(Task): Print, in exact form, the lines below from the one containing "Kontrol altına alınan" through the one containing "- Margin Processing: When", and omit all others.
** Opening Given records block **
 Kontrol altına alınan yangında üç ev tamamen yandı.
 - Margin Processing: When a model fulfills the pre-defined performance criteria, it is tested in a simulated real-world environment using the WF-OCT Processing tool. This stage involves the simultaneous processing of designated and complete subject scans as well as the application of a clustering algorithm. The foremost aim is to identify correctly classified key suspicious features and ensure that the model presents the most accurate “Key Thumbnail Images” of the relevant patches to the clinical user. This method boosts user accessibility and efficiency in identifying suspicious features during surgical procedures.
** Closing Given records block **
** Opening Given records block **
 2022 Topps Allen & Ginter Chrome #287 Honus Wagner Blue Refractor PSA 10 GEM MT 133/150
** Closing Given records block **
(Reply to the task):
 Kontrol altına alınan yangında üç ev tamamen yandı.
 - Margin Processing: When a model fulfills the pre-defined performance criteria, it is tested in a simulated real-world environment using the WF-OCT Processing tool. This stage involves the simultaneous processing of designated and complete subject scans as well as the application of a clustering algorithm. The foremost aim is to identify correctly classified key suspicious features and ensure that the model presents the most accurate “Key Thumbnail Images” of the relevant patches to the clinical user. This method boosts user accessibility and efficiency in identifying suspicious features during surgical procedures.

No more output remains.